Uses boto3 to stream directly from S3, supporting: - Standard AWS S3 - S3-compatible endpoints (Cloudflare R2, MinIO, etc.) - Private buckets with credentials - IAM role authentication (when keys not provided)
Unlike URL-based approaches, this doesn’t require URL transformation or global gopen_schemes registration. Credentials are scoped to the source instance.
Attributes
bucket
str
S3 bucket name.
keys
list [str ]
List of object keys (paths within bucket).
endpoint
str | None
Optional custom endpoint URL for S3-compatible services.
access_key
str | None
Optional AWS access key ID.
secret_key
str | None
Optional AWS secret access key.
region
str | None
Optional AWS region (defaults to us-east-1).
Examples
>>> source = S3Source(
... bucket= "my-datasets" ,
... keys= ["train/shard-000.tar" , "train/shard-001.tar" ],
... endpoint= "https://abc123.r2.cloudflarestorage.com" ,
... access_key= "AKIAIOSFODNN7EXAMPLE" ,
... secret_key= "wJalrXUtnFEMI/K7MDENG/bPxRfiCYEXAMPLEKEY" ,
... )
>>> for shard_id, stream in source.shards:
... process(stream)
Methods
from_credentials
S3Source.from_credentials(credentials, bucket, keys)

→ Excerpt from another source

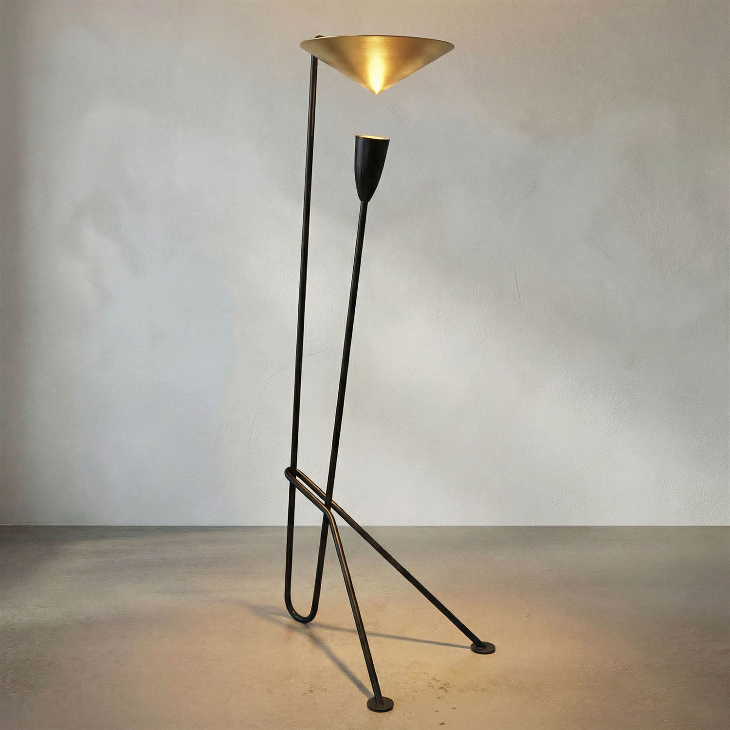 The Jetset floor lamp pairs a tall matte black tripod base with a flared, reflective brass shade. Angled downward over a textured cylinder, it blends mid-century geometry with industrial edge and retro-futuristic flair.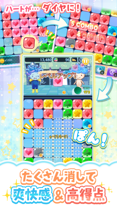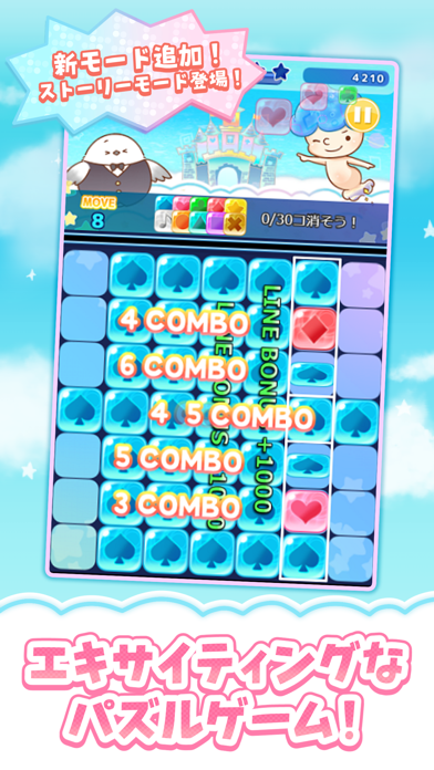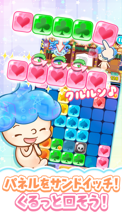 絵柄の描かれたパネルを置いて消していく、ちょっと変わったパズルゲーム。例えばハートのパネルが縦に並んでいたら、スペードのパネル2個で挟むとパネルがすべてスペードになって消せます。

Create S3Source from a credentials dictionary.
Accepts the same credential format used by S3DataStore.
Parameters
credentials
dict [str , str ]
Dict with AWS_ACCESS_KEY_ID, AWS_SECRET_ACCESS_KEY, and optionally AWS_ENDPOINT.
required
bucket
str
S3 bucket name.
required
keys
list [str ]
List of object keys.
required
Returns
'S3Source'
Configured S3Source.
Examples
>>> creds = {
... "AWS_ACCESS_KEY_ID" : "..." ,
... "AWS_SECRET_ACCESS_KEY" : "..." ,
... "AWS_ENDPOINT" : "https://r2.example.com" ,
... }
>>> source = S3Source.from_credentials(creds, "my-bucket" , ["data.tar" ])
from_urls
S3Source.from_urls(
urls,
* ,
endpoint= None ,
access_key= None ,
secret_key= None ,
region= None ,
)
Create S3Source from s3:// URLs.
Parses s3://bucket/key URLs and extracts bucket and keys. All URLs must be in the same bucket.
Parameters
urls
list [str ]
List of s3:// URLs.
required
endpoint
str | None
Optional custom endpoint.
None
access_key
str | None
Optional access key.
None
secret_key
str | None
Optional secret key.
None
region
str | None
Optional region.
None
Returns
'S3Source'
S3Source configured for the given URLs.
Raises
ValueError
If URLs are not valid s3:// URLs or span multiple buckets.
Examples
>>> source = S3Source.from_urls(
... ["s3://my-bucket/train-000.tar" , "s3://my-bucket/train-001.tar" ],
... endpoint= "https://r2.example.com" ,
... )
list_shards
Return list of S3 URIs for the shards.
open_shard
S3Source.open_shard(shard_id)
Open a single shard by S3 URI.
Parameters
shard_id
str
S3 URI of the shard (s3://bucket/key).
required
Returns
IO [bytes ]
StreamingBody for reading the object.
Raises
KeyError
If shard_id is not in list_shards().